The combination of variance and implied bounds for nested references opens a hole in the current type system:

static UNIT: &'static &'static () = &&();

fn foo<'a, 'b, T>(_: &'a &'b (), v: &'b T) -> &'a T { v }

fn bad<'a, T>(x: &'a T) -> &'static T {
    let f: fn(&'static &'a (), &'a T) -> &'static T = foo;
    f(UNIT, x)
}

This can likely be resolved by checking well-formedness of the instantiated fn type.

---

Update from @pnkfelix :

While the test as written above is rejected by Rust today (with the error message for line 6 saying "in type &'static &'a (), reference has a longer lifetime than the data it references"), that is just an artifact of the original source code (with its explicit type signature) running up against one new WF-check.

The fundamental issue persists, since one can today write instead:

static UNIT: &'static &'static () = &&();

fn foo<'a, 'b, T>(_: &'a &'b (), v: &'b T) -> &'a T { v }

fn bad<'a, T>(x: &'a T) -> &'static T {
    let f: fn(_, &'a T) -> &'static T = foo;
    f(UNIT, x)
}

(and this way, still get the bad behaving fn bad, by just side-stepping one of the explicit type declarations.)

[aturon]

What's going on here is that foo gets to assume that 'b: 'a, but this isn't actually checked when producing f.

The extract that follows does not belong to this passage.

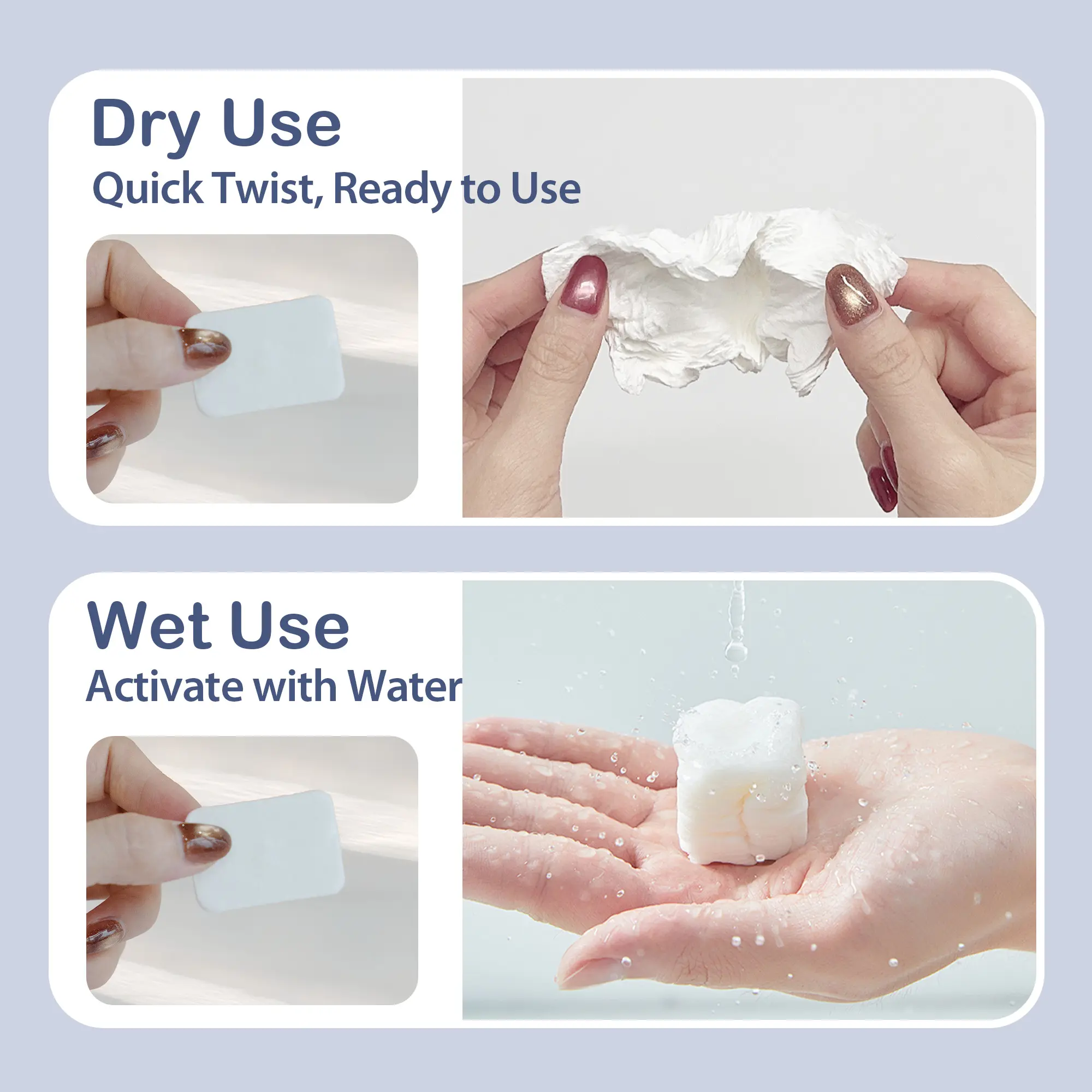 Open dry by hand or activate with water to a full 12x10 inch towel. Soft, durable, lint-free compressed towels in individual wraps deliver clean, single-use convenience and neat, sealed storage. Enjoy the flexibility of using them dry or wet.

This assumption was thought to be valid because any nested reference type &'a &'b T has to guarantee it for well-formedness. But variance currently allows you to switch around the lifetimes before actually passing in the witnessing argument.

[nikomatsakis]

One solution is to be more aggressive about checking WFedness, but there are other options to consider.

[nikomatsakis]

triage: P-high T-lang

[nikomatsakis]

I've been working on some proposal(s) that address this bug (among others), so assigning to me.

[nikomatsakis]

There is a related problem that doesn't require variance on argument types. The current codebase doesn't check that the expected argument type is well-formed, only the provided one, which is a subtype of the expected one. This is insufficient (but easily rectified).

[Stebalien]

@nikomatsakis I believe you meant to close this.

[nikomatsakis]

The work needed to close this has not yet landed. It's in the queue though, once we finish up rust-lang/rfcs#1214.

[Stebalien]

Sorry, I saw the commit but didn't notice that it hadn't been merged.

[pnkfelix]

One interesting thing to note, in light of the new WF checks that have landed with the preliminary implementation of rust-lang/rfcs#1214, is that if we change the definition of fn foo like this (where we rewrite the implied lifetime bounds to be explicitly stated in a where-clause :

fn foo<'a, 'b, T>(_: &'a &'b (), v: &'b T) -> &'a T where 'b: 'a { v }

then it seems like the code is rejected properly.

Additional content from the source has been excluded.